All patients diagnosed with any type of cancer are registered in the Netherlands Cancer Registry (NCR). A standardized real-world dataset is collected from patient records consisting of basic patient and disease characteristics, including histology, TNM stage, World Health Organization (WHO) performance score (PS), site(s) of metastasis, and type of first-line treatment. Information on OS is obtained by annual linkage with the population registry. Data on treatment response, progression of disease, coexisting mutations such as TP53 and STK11, second-line treatment, and cause of death are not available. Mutation analyses were predominantly performed with Next Generation Sequencing (83%).22

From the NCR, we assessed patients diagnosed with stage IV NSCLC with del19 or L858R mutation between January 1, 2015, and December 31, 2020, primarily treated with then regularly available TKIs (including osimertinib). The primary endpoint of this study was OS, calculated from the day of starting TKI, with follow up until February 1, 2022.

Considering its observational nature, this study did not require approval from an accredited medical ethics committee (MEC) or the Central Committee on Research involving Human Subjects (CCMO). However, the study has been reviewed and approved by the Privacy Review Board of the NCR (application number K21.320).

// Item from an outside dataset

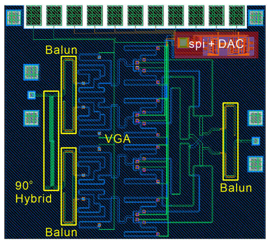The circuits described above were combined to implement two simulated phase shifters. An I/Q generator was realized using one Lange coupler and two baluns, providing four signals to four VGAs. The bias inputs of the amplifiers were controlled by an 18-bit DAC model in simulation, which converts the digital control words into analog bias voltages for each VGA. Figure 7 shows the layout of the complete phase shifter circuit.

Statistical analyses were performed using StataSE 17. Patient characteristics were summarized using descriptive statistics and variation in the proportion of EGFR subtypes was assessed with chi-square tests. Survival was estimated by the Kaplan–Meier method and variation between subgroups was assessed with log-rank tests. The prognostic contribution of type of mutation and type of TKI was assessed by multivariable Cox regression and represented by HR and 95% confidence intervals (95% CI). The proportional hazard assumption was tested using log–log plots and independent prognostic factors have been determined using the backwards selection method. The final model included age, WHO PS, and number of organs with metastases as significant covariates. A p-value of <5% was considered as significant. A subgroup analysis was performed for patients with known baseline BM.

Results

The Netherlands has a population of about 17 million inhabitants, mainly white and including approximately 6% inhabitants from Asian descent.23 In the period 2015–2020, a total of 57,592 patients were diagnosed with NSCLC and registered in the NCR. We assessed 1109 patients with a median age of 68 years (interquartile range (IQR) 60–75) including 68% women. Baseline brain imaging (comprising MRI in 86%) was performed in 400 (36%) patients, diagnosing 230 (58%) patients with BM. Median time from diagnosis to start of TKI was 23 days. Before start of TKI, local treatment of these metastasis was performed in 74 of 230 (32%) patients, 66 with radiotherapy (Stereotactic Body Radio Therapy (SBRT) or Whole Brain Radio Therapy (WBRT)), 4 with surgery and 4 with combined modality. The use of upfront local treatment for BM decreased sharply after 2018, from 44% to 19%. In patients with BM treated with osimertinib, local treatment of BM was performed in 17% of cases compared with 39% in patients treated with other TKIs. The use of osimertinib increased with time from 3% in 2018 to 18% in 2019 and 94% of all prescribed first line EGFR TKI in 2020.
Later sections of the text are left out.